Retrospectives are (or at least should be) an important part of a team’s life, be it an agile one or not. The book “Agile Retrospectives” by Esther Derby (of “Behind Closed Doors” fame) and Diana Larsen aims to get you and your team going with them. In an “agile” team where you’d work in iterations, a retrospective should take place after each one, and ideally after the project’s done. The latter would be the case for teams working with more classical end-to-end development approaches.
The book starts out by describing how to approach a retrospective, assuming you’ve never done one before, taking into account things like timing, group dynamics and structuring. The main part of retrospectives are activities. That doesn’t mean just doing something, but achieving something. An activity is always related to a specific goal, e.g. identifying problems. You wanna keep retrospectives interesting. That’s why this book introduces a lot of possible activities which you can adapt or change more to your liking (or team, for that matter). The next about 90 pages list activities you can do in each stage of a retrospectives.

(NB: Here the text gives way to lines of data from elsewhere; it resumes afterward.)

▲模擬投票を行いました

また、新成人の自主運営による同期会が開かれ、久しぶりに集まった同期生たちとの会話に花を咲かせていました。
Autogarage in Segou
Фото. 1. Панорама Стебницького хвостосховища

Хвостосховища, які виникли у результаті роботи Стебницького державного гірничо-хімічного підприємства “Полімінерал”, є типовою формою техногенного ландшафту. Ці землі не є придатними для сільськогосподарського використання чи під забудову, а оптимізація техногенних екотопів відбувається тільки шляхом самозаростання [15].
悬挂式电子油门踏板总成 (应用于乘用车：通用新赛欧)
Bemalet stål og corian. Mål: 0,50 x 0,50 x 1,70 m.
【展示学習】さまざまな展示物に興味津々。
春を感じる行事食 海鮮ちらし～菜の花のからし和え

The stages basically split a retrospective into parts into beginning, end, and the stuff in between, the latter being data-gathering, generating insights and deciding what to do. There are different ways to achieve these goals, and the book describes a lot of them in a sadly not-so-glory detail. The list of activities is exhaustive, but each one doesn’t go into much detail. It’s basically a list of things to say or do, and how to deal with certain situations that might come up.
Though some of them come along with examples from real or invented teams, in my opinion there are too few examples going into insufficient detail. “Behind Closed Doors” lives from the story it was built around. I miss that here.

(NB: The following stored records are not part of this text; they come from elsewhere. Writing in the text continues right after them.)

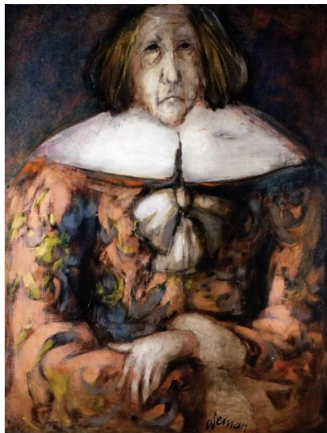
Albert Deman, Le clown triste , huile sur toile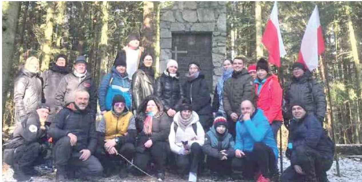
Organizatorem wyprawy był Klub Honorowych Dawców Krwi Ostoja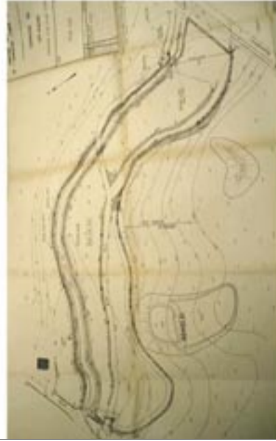
À l'origine, la Manse s'écoulait en lieu et place de l'actuel plan d'eau

Deux solutions peuvent convenir en l'état actuel de la législation. Elles diffèrent par leur durabilité, leur coût et leur impact sur les habitudes locales liées au site.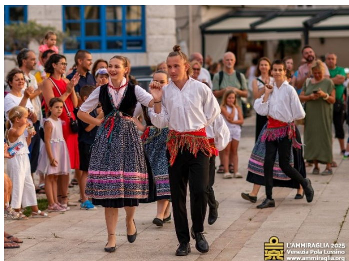
Festeggiamenti a Lussinpiccolo. Si esibisce il gruppo folcloristico “Studenac” di Neresine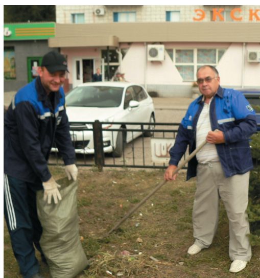
Фроловское ЛПУМГ убирало городской парк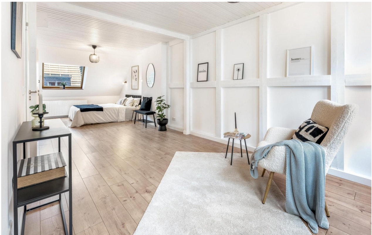
Schlafzimmer im OG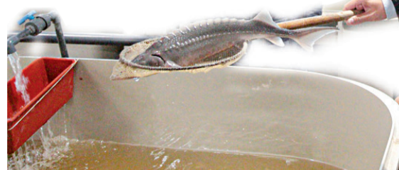
Знакомство с осетровыми

руте стал посёлок Рыборазводный, где расположен Абакский экспериментальный рыборазводный завод Нижне-Обского филиала ФГБУ «Главрыбвод».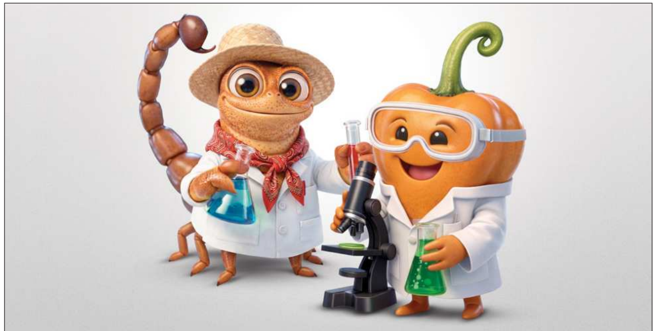
▲ Logran elaborar dos antibióticos eficaces contra tuberculosis, neumonía, septicemia, meningitis, endocarditis y osteomielitis.

The rest of the book does a good job explaining in a more suitable detail, but the list of activities might get a little dry, since some of the activities are variations or build on others. I’m aware that it’s supposed to be a reference you can get back to, but even then a little bit more information or examples couldn’t hurt.

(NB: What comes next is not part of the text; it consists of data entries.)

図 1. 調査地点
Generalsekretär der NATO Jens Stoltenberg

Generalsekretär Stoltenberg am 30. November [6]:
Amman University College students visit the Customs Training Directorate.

“Agile Retrospectives” is a good reference to get back to when you plan a retrospective for your or another team. It’s a manual, which is good and bad at the same time. It contains all the information you need to get going, but it doesn’t tell you how to do it in every nitty-gritty detail. You’ll have to figure out the details yourself. And if that was the authors’ intention in the first place, they did a good job. If you thought about getting started with retrospectives in your team I’d recommend getting the book and reading the all the stuff around the activities, maybe some examples of the latter. When you start planning a retrospective, come back to the book and skim through the activities to find the ones you’d like to include in your retrospective.
One last thing: Why the name “Agile Retrospectives”? Though constant self- and team-improvement is an important part of agile teams, using the Agile brand is unnecessary here. A title like “Effective Retrospectives” would be more fitting, since retrospectives aren’t agile-only, and in the end running effective retrospectives is what the book is all about.